▶ HOW TO COMPLETE THIS TASK
Below are the records; repeat exactly their lines between the line holding "4. Meanwhile cook" and the line holding "Enjoy Cheetos Flaming", inclusive, skipping the pictures.

***

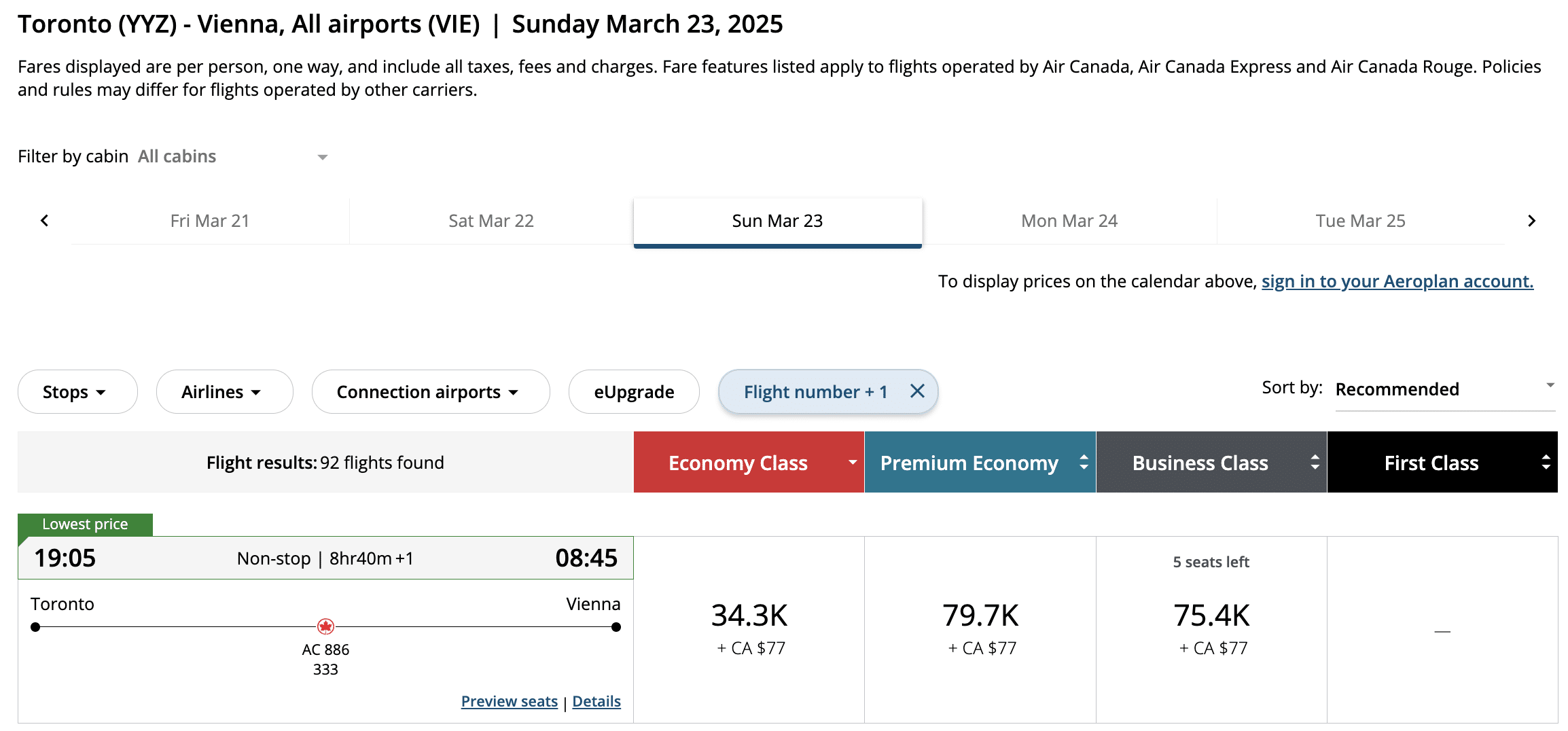 Toronto (YYZ) to Vienna (VIE) for 75,400 Aeroplan points in business class
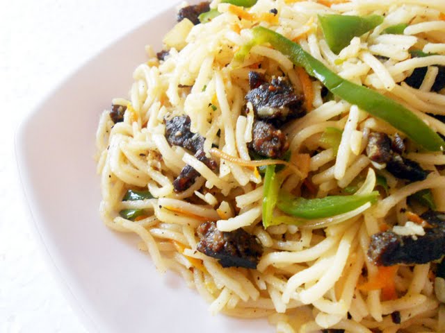 4. Meanwhile cook and drain noodles as instructed in the packet. Heat oil in a wok or large kadai. Add the slit garlic, then one by one add the veggies; onion, capsicum, and carrot. Add the sauces. You can decrease or increase them mildly according to your taste. Add salt and pepper powder. Stir fry own high flame.....toss in the beef
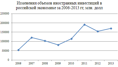 Изменение объема поступивших иностранных инвестиций в экономику России по
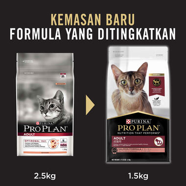 Pro Plan Adult kini hadir dengan kemasan baru dan formula yang ditingkatkan bagi kucing dewasa berusia mulai 1 tahun. Pro Plan Adult dibuat dari ikan salmon asli sebagai bahan baku utama dan diperkaya Probiotik untuk mendukung kesehatan pencernaan serta daya tahan tubuh kucing kesayanganmu.
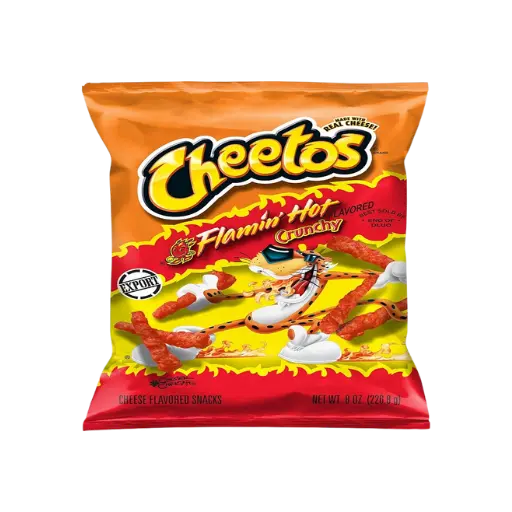 Enjoy Cheetos Flaming Hot Crunchy Chips for a fiery, crunchy, and delicious snack. Spice up your snack time and experience the iconic Cheetos heat in every bite.
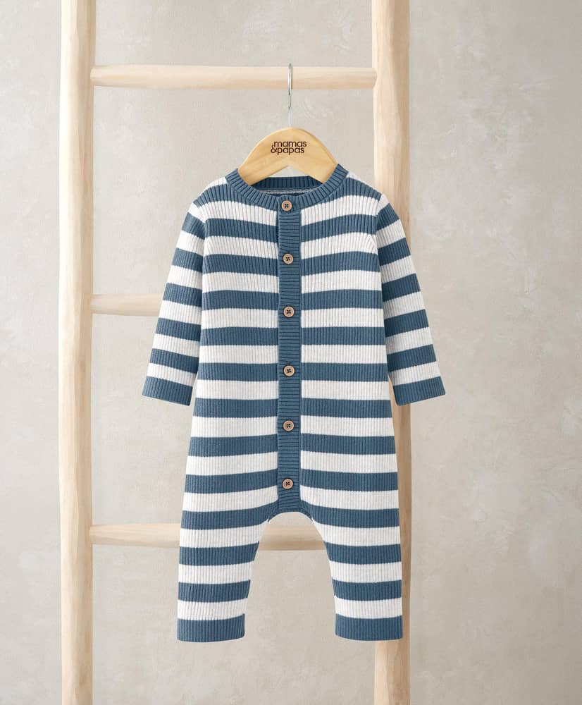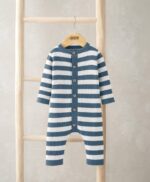 Ez a csíkos, kötött rugdalózó tökéletes alapdarab a kisbabád gardróbjába. A finoman bordázott gallér, ujj- és lábszélek extra kényelmet biztosítanak, miközben a kék és homokszínű árnyalatok igazán modern, letisztult megjelenést kölcsönöznek. A praktikus elülső gombos nyílás megkönnyíti az öltöztetést a mindennapokban.
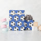 Modern, fotboll, blått, fotboll, ungar, sport, svart och vitt, mönster inslagna pappert. Underbar för födelsedagar.
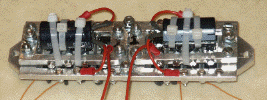 September 2002Saturday 7th September 2002I bolted together one new MOSFET brick and started to wire it up. It was now looking quite solid and when I put it on the scales to see how it compared to the old bricks, I found it weighted exactly the same as two old bricks. However, the newer brick had the complete H-bridge driver on it rather than being split between two bricks on the old circuit, and the newer one was a lot more compact too. When I get it finished, I will try it out to see how it performs before I embark on cutting out the new parts for the second brick. |
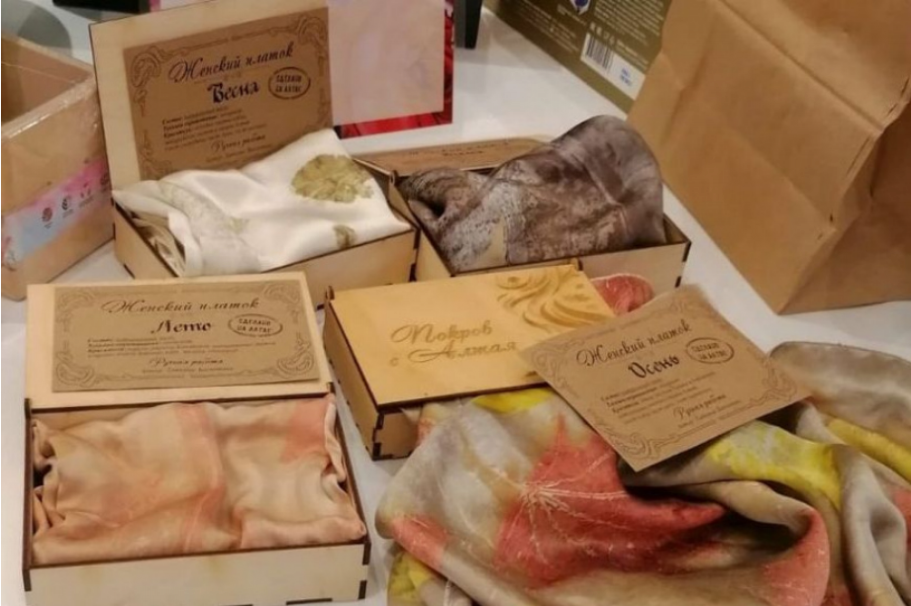 Кроме того, 1 место в номинации «Сувенир региона» получила серия женских платков «Покров с Алтая», ансамбля «Времена года» Татьяны Багнетовой, представленная галереей «АлтайТалантБийск».
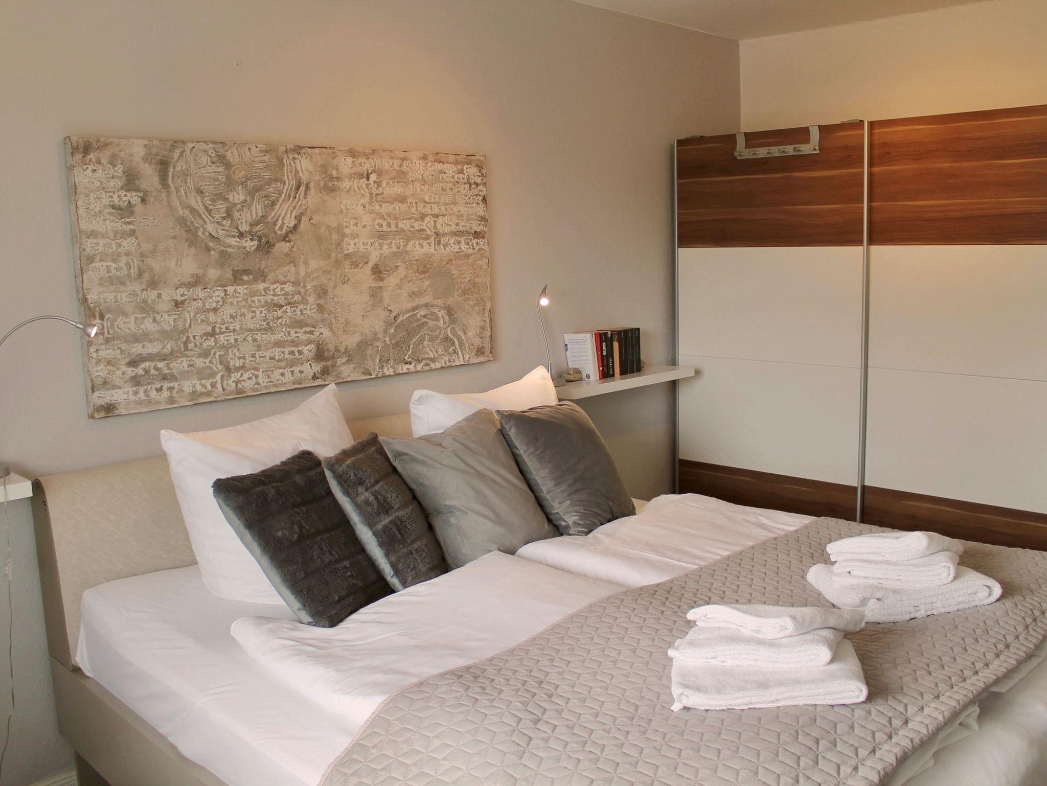 Das hell gestaltete Schlafzimmer, welches mit einem bequemen Doppelbett und einem großen Kleiderschrank ausgestattet ist, lädt Sie ein auch hier ein paar behagliche Stunden des Tages zu verbringen. Fahrstuhl sowie Schwimmbad und Sauna im Haus vorhanden.

***

▶ REPLY TO THE TASK
 4. Meanwhile cook and drain noodles as instructed in the packet. Heat oil in a wok or large kadai. Add the slit garlic, then one by one add the veggies; onion, capsicum, and carrot. Add the sauces. You can decrease or increase them mildly according to your taste. Add salt and pepper powder. Stir fry own high flame.....toss in the beef
 Изменение объема поступивших иностранных инвестиций в экономику России по
 Pro Plan Adult kini hadir dengan kemasan baru dan formula yang ditingkatkan bagi kucing dewasa berusia mulai 1 tahun. Pro Plan Adult dibuat dari ikan salmon asli sebagai bahan baku utama dan diperkaya Probiotik untuk mendukung kesehatan pencernaan serta daya tahan tubuh kucing kesayanganmu.
 Enjoy Cheetos Flaming Hot Crunchy Chips for a fiery, crunchy, and delicious snack. Spice up your snack time and experience the iconic Cheetos heat in every bite.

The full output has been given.